▶ **Aim of the exercise**
Although pictures appear in the records, the copy must leave them out and match everything else exactly.

▶ **Given records**
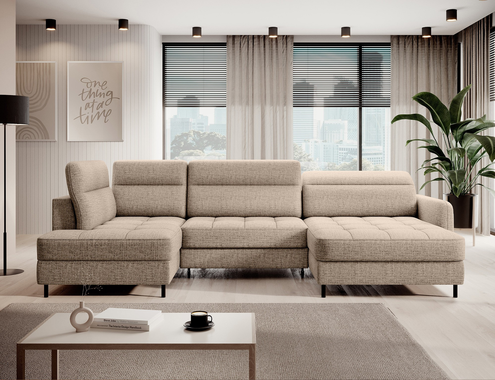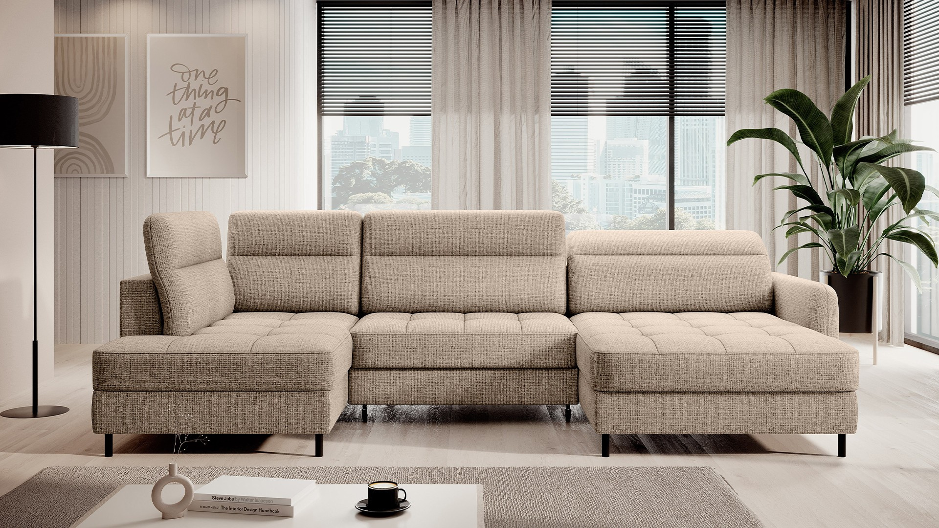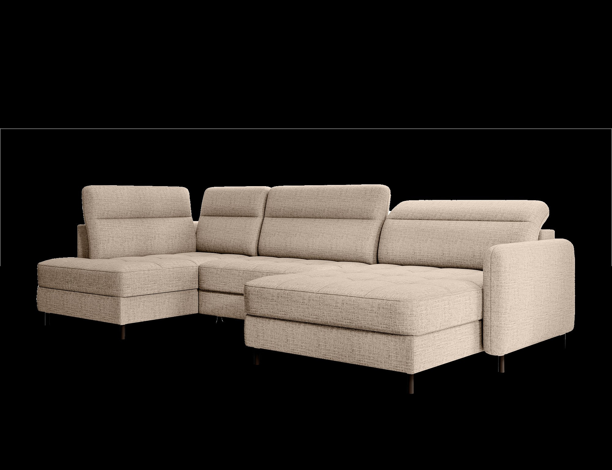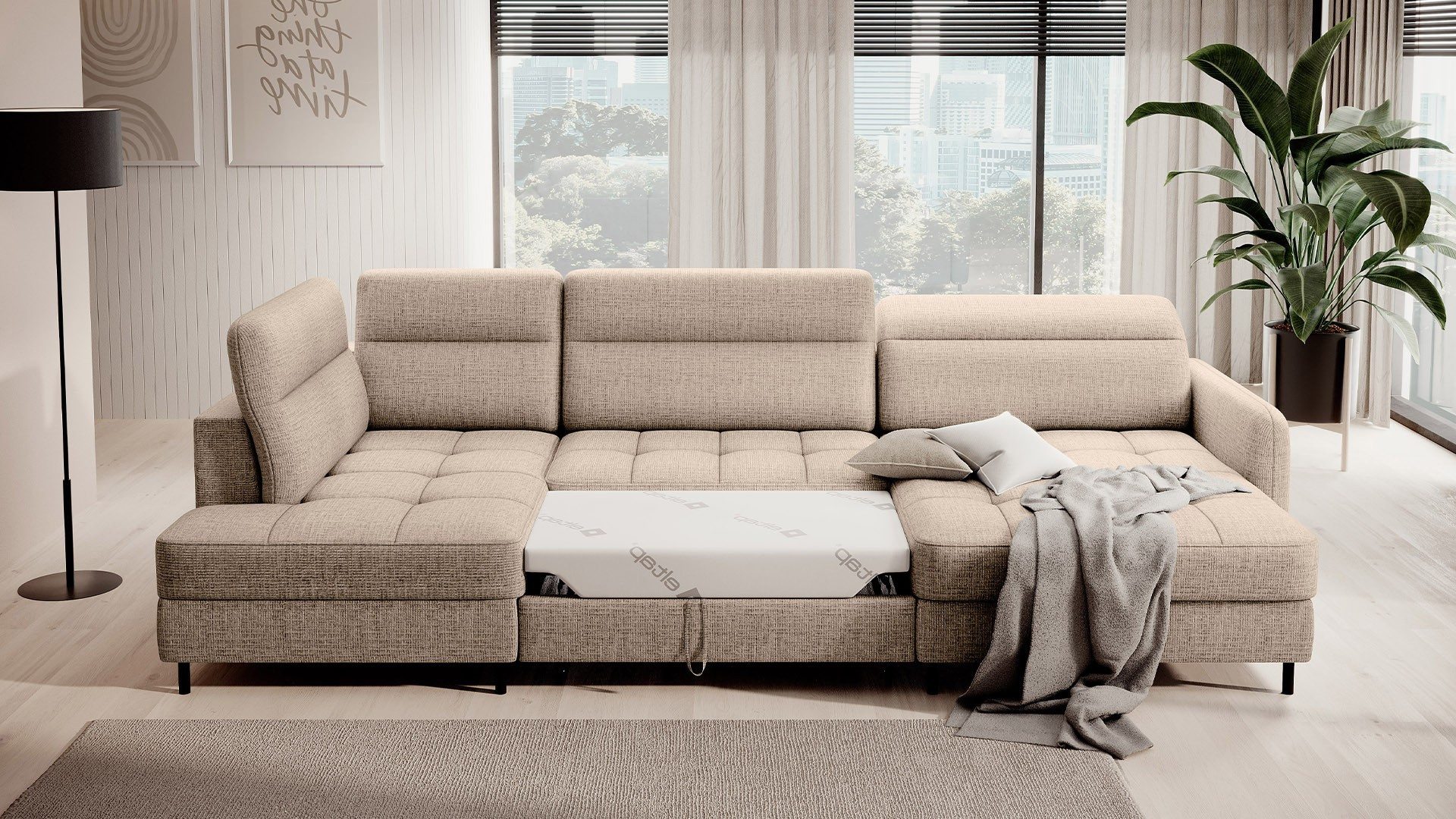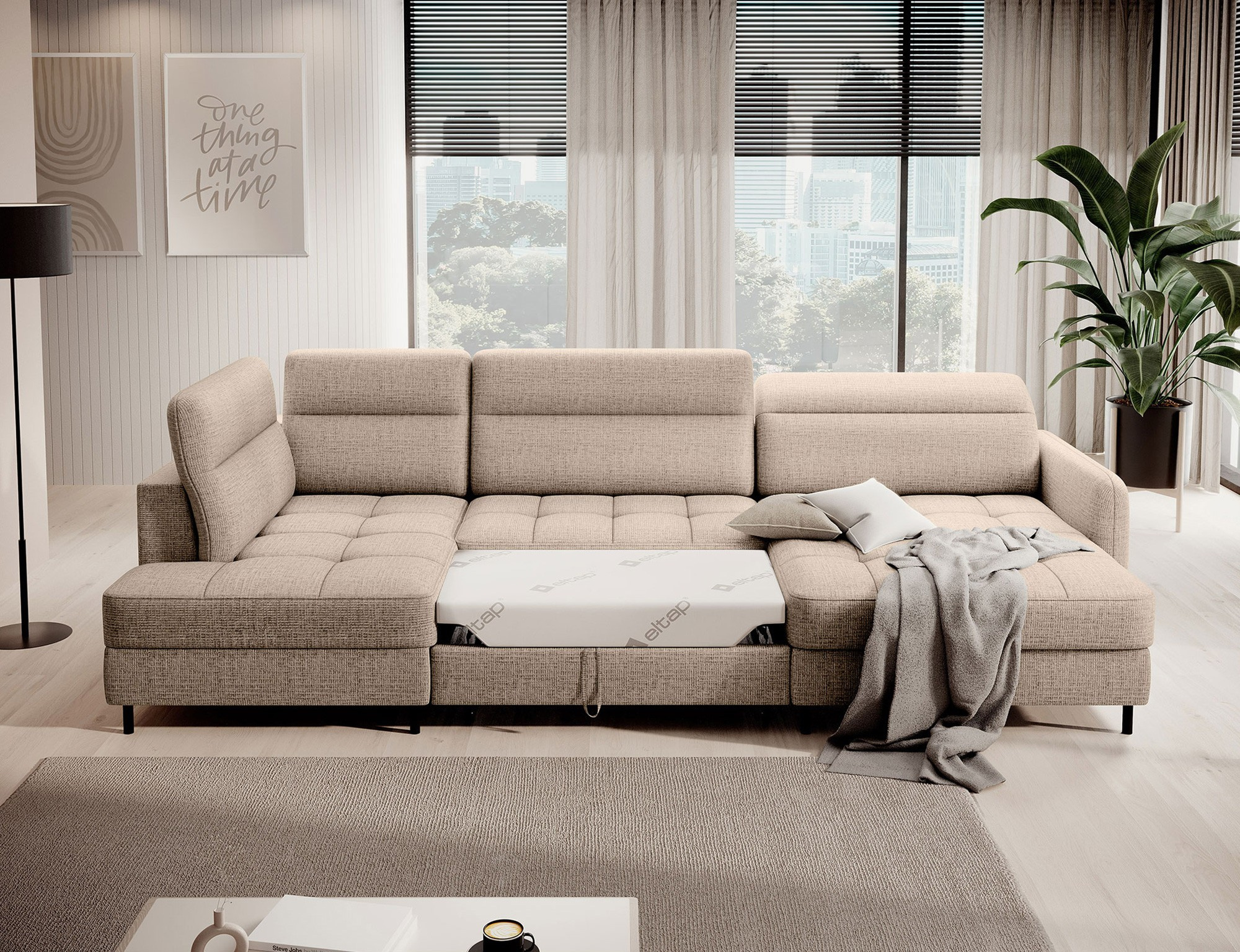 Rohová pohovka Berrto je neuvěřitelně elegantní kus nábytku pro váš obývací pokoj, navržený tak, aby vám poskytl výjimečné pohodlí a funkčnost. Tato elegantní rohová pohovka kombinuje moderní design s použitím vysoce kvalitních komponentů. Rohová pohovka Berrto je vybavena vlnovými pružinami typu B, které v kombinaci s vysoce elastickou pěnou HR + T2130 vytvářejí povrch s bezkonkurenčním komfortem. Tento kus nábytku je měkký, flexibilní a dokonale se přizpůsobí tvaru vašeho těla, což poskytuje nejen relaxaci, ale také úlevu svalům. Použití čalounických popruhů a pěny T2130 v opěradle rohové pohovky Berrto zajišťuje její odolnost a odolnost vůči deformacím. Nemusíte se obávat nevzhledných vrásek - tato rohová pohovka si zachová svůj původní vzhled po mnoho let. Můžete jej rychle a snadno přeměnit na pohodlnou postel, která vám i vašim hostům poskytne klidný spánek. Navíc rohová pohovka skrývá prostorný úložný prostor na ložní prádlo, který poskytuje dostatek místa pro všechny potřebné textilie. Rohová pohovka Berrto nabízí nejen pohodlí, ale také stabilitu. S působivou nosností 390 kg si jej můžete užívat po mnoho let, aniž byste se museli obávat o jeho odolnost. Rohová pohovka Berrto vyniká nejen svou funkčností, ale také estetickým designem. Černé ocelové nohy mu dodávají moderní charakter a elegantní design z něj činí výrazný prvek vaší obývací místnosti. Rohová pohovka Berrto je vybavena snadno použitelným mechanismem typu Dolphin, který umožňuje rychle ji přeměnit na pohodlnou postel. Toto je ideální řešení, když potřebujete prostor na spaní pro hosty. Rohová pohovka Berrto kombinuje luxus, pohodlí a funkčnost. Jeho vysoce kvalitní řemeslné zpracování a pečlivé dokončení z něj činí nejen ústřední bod vašeho obývacího pokoje, ale také místo pro relaxaci a trávení času s přáteli a rodinou.
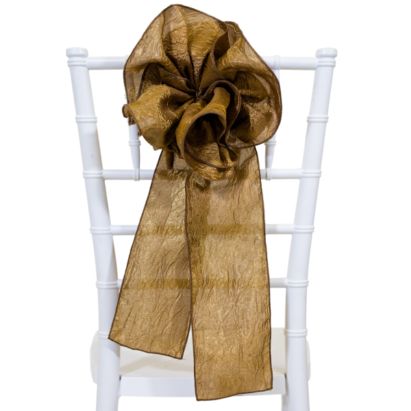 Our 9” bronze crushed taffeta flower chair accents will take your chairs from boring to beautiful. The design of the bronze flower can be customized to your needs, including adding fabric buttons, glittering brooches, or sparkling buckles. The bunched bronze flower drapes gorgeously on the back and fits almost any chair style.
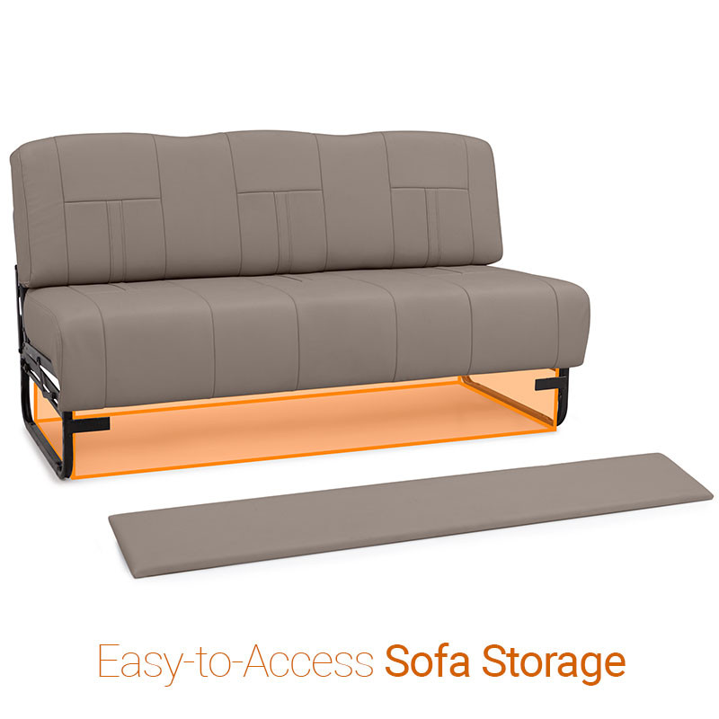 26" L x 62" W x 10" H storage underneath the sofa bed for your valuable items.
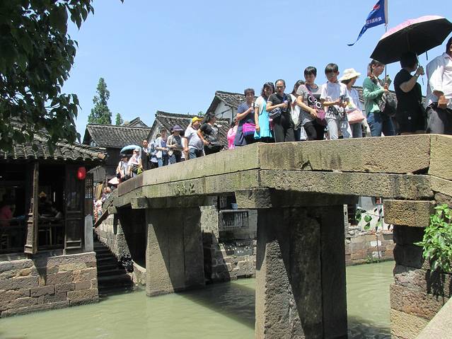第二天我们一觉睡到了12点才起来,然后收拾好还是在民宿对面的那家吃的,因为方便,吃饱了之后老板就开着车送我们去了景区,老板的建议是先逛东栅,因为西栅比东栅大,晚点可以去西栅看夜景,我们听了老板的话先去了东栅。人真的好多好多!!!我们是提前在去哪儿网定的东栅西栅的联票150一张,因为联票比较划算,如果单买东栅是100,西栅是120.没有学生票。既然不远千里来到乌镇还是想把景点都玩了,更何况联票那么划算,肯定果断选择联票了。去了才发现,其实售票处的价格和在网上订的一样,只是网上订的不用排队买票,直接刷二维码或者身份证就可以进去了,这点还是很赞的。
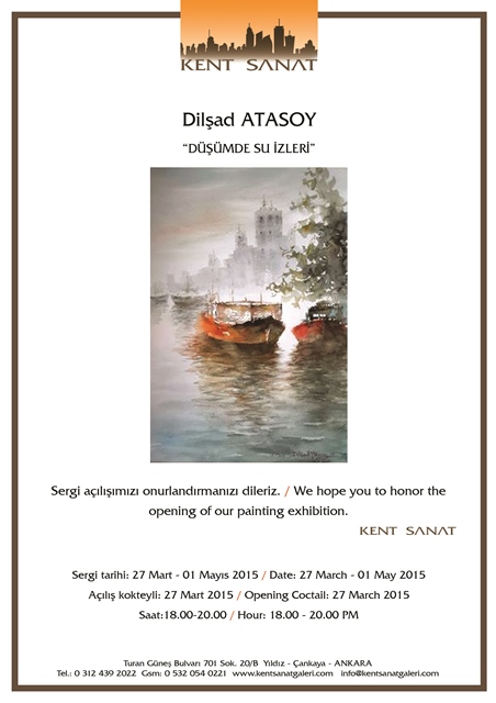 Galerimizde sergilenen Dilşad ATASOY "Düşümde Su İzleri" adlı sergi 27 Mart / 01 Mayıs 2015 süresince ziyarete açıktır.
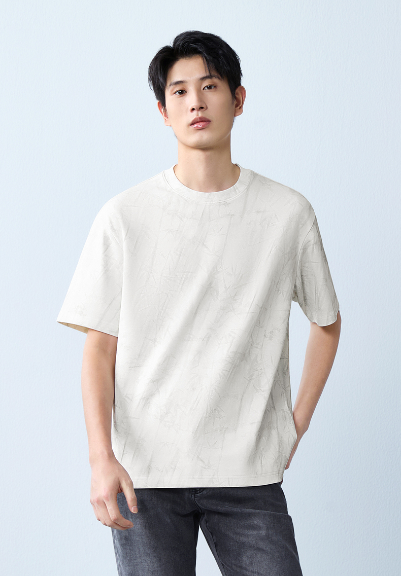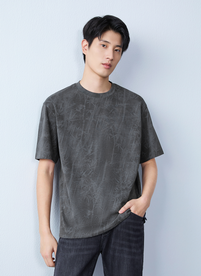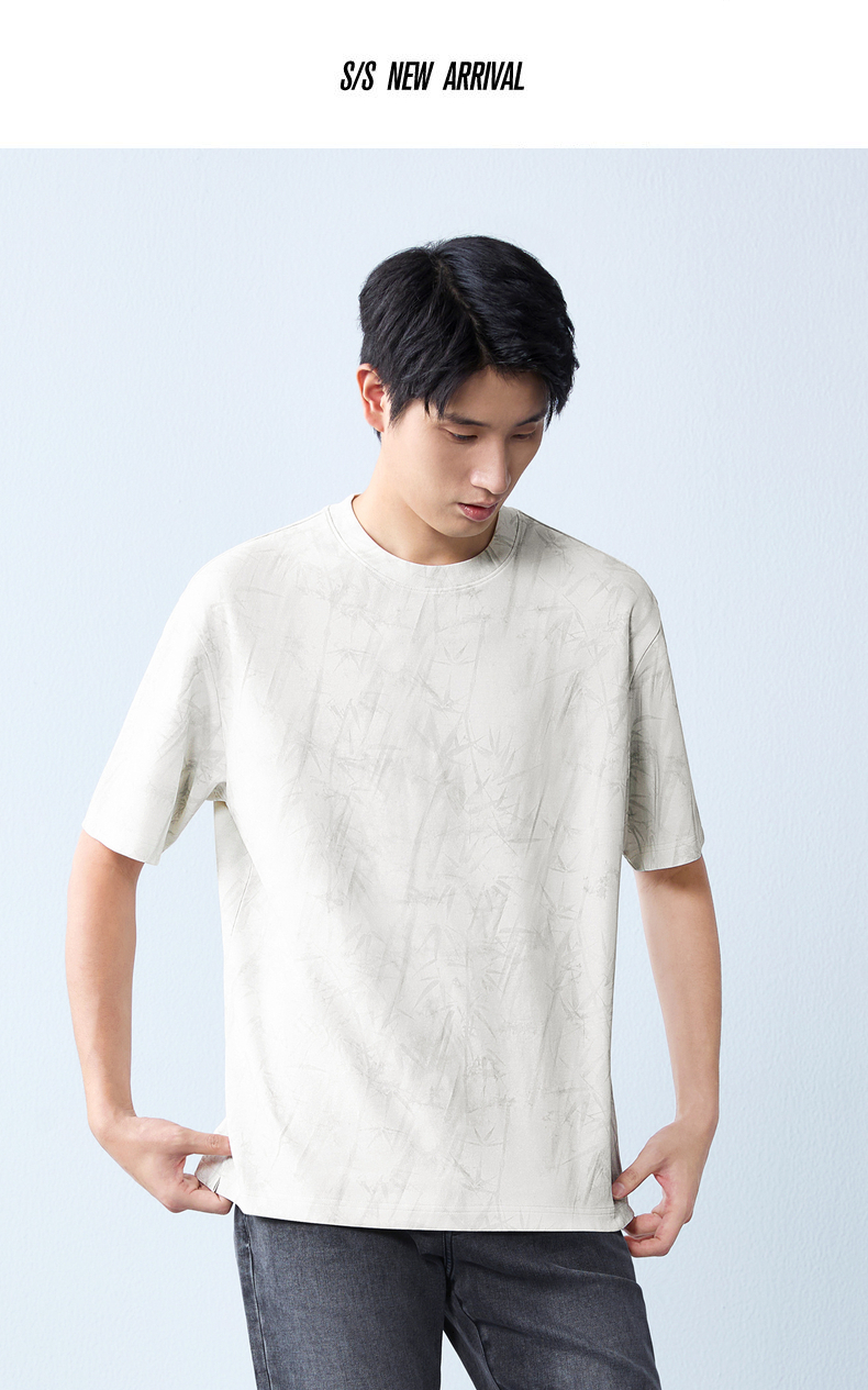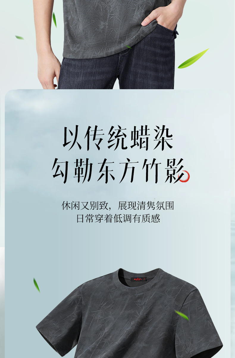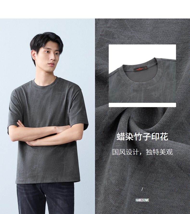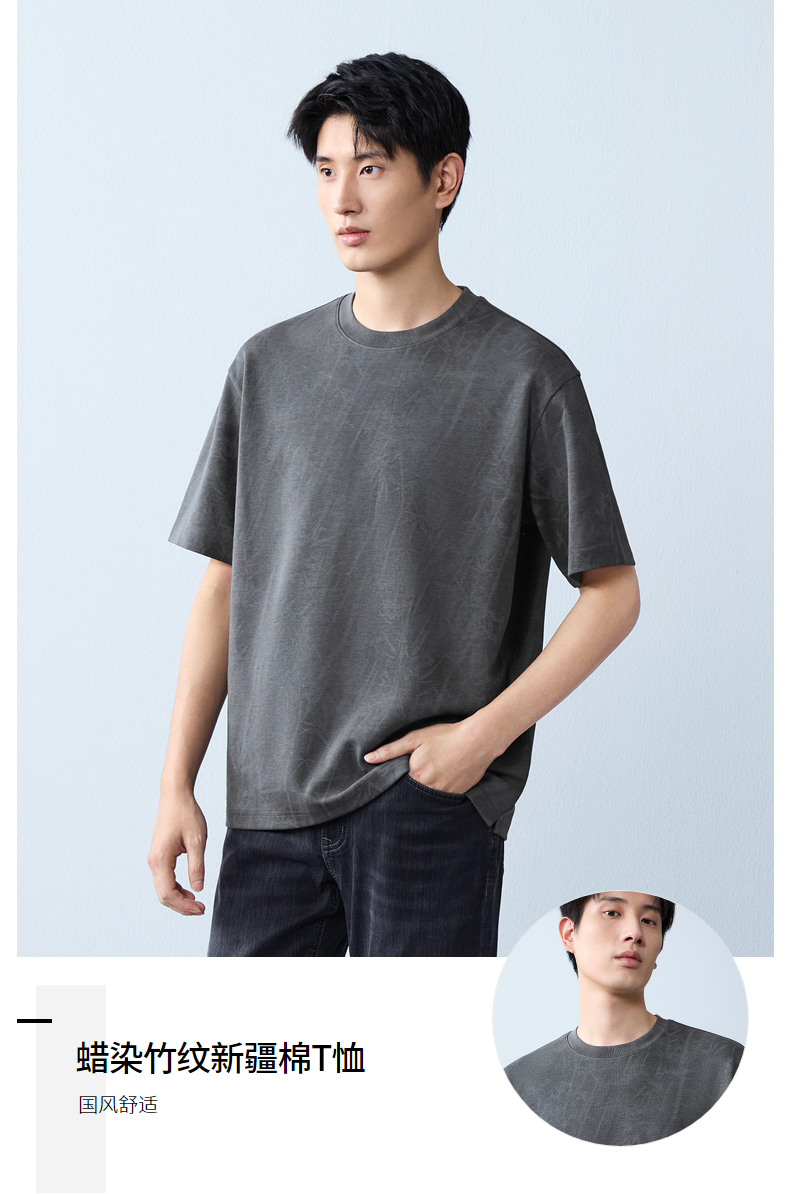 【蜡染T恤】柒牌男装2026夏季圆领宽松国风竹纹印花新疆棉短袖T恤 130T72340

▶ **Exercise response**
 Rohová pohovka Berrto je neuvěřitelně elegantní kus nábytku pro váš obývací pokoj, navržený tak, aby vám poskytl výjimečné pohodlí a funkčnost. Tato elegantní rohová pohovka kombinuje moderní design s použitím vysoce kvalitních komponentů. Rohová pohovka Berrto je vybavena vlnovými pružinami typu B, které v kombinaci s vysoce elastickou pěnou HR + T2130 vytvářejí povrch s bezkonkurenčním komfortem. Tento kus nábytku je měkký, flexibilní a dokonale se přizpůsobí tvaru vašeho těla, což poskytuje nejen relaxaci, ale také úlevu svalům. Použití čalounických popruhů a pěny T2130 v opěradle rohové pohovky Berrto zajišťuje její odolnost a odolnost vůči deformacím. Nemusíte se obávat nevzhledných vrásek - tato rohová pohovka si zachová svůj původní vzhled po mnoho let. Můžete jej rychle a snadno přeměnit na pohodlnou postel, která vám i vašim hostům poskytne klidný spánek. Navíc rohová pohovka skrývá prostorný úložný prostor na ložní prádlo, který poskytuje dostatek místa pro všechny potřebné textilie. Rohová pohovka Berrto nabízí nejen pohodlí, ale také stabilitu. S působivou nosností 390 kg si jej můžete užívat po mnoho let, aniž byste se museli obávat o jeho odolnost. Rohová pohovka Berrto vyniká nejen svou funkčností, ale také estetickým designem. Černé ocelové nohy mu dodávají moderní charakter a elegantní design z něj činí výrazný prvek vaší obývací místnosti. Rohová pohovka Berrto je vybavena snadno použitelným mechanismem typu Dolphin, který umožňuje rychle ji přeměnit na pohodlnou postel. Toto je ideální řešení, když potřebujete prostor na spaní pro hosty. Rohová pohovka Berrto kombinuje luxus, pohodlí a funkčnost. Jeho vysoce kvalitní řemeslné zpracování a pečlivé dokončení z něj činí nejen ústřední bod vašeho obývacího pokoje, ale také místo pro relaxaci a trávení času s přáteli a rodinou.
 Our 9” bronze crushed taffeta flower chair accents will take your chairs from boring to beautiful. The design of the bronze flower can be customized to your needs, including adding fabric buttons, glittering brooches, or sparkling buckles. The bunched bronze flower drapes gorgeously on the back and fits almost any chair style.
 26" L x 62" W x 10" H storage underneath the sofa bed for your valuable items.
第二天我们一觉睡到了12点才起来,然后收拾好还是在民宿对面的那家吃的,因为方便,吃饱了之后老板就开着车送我们去了景区,老板的建议是先逛东栅,因为西栅比东栅大,晚点可以去西栅看夜景,我们听了老板的话先去了东栅。人真的好多好多!!!我们是提前在去哪儿网定的东栅西栅的联票150一张,因为联票比较划算,如果单买东栅是100,西栅是120.没有学生票。既然不远千里来到乌镇还是想把景点都玩了,更何况联票那么划算,肯定果断选择联票了。去了才发现,其实售票处的价格和在网上订的一样,只是网上订的不用排队买票,直接刷二维码或者身份证就可以进去了,这点还是很赞的。
 Galerimizde sergilenen Dilşad ATASOY "Düşümde Su İzleri" adlı sergi 27 Mart / 01 Mayıs 2015 süresince ziyarete açıktır.
 【蜡染T恤】柒牌男装2026夏季圆领宽松国风竹纹印花新疆棉短袖T恤 130T72340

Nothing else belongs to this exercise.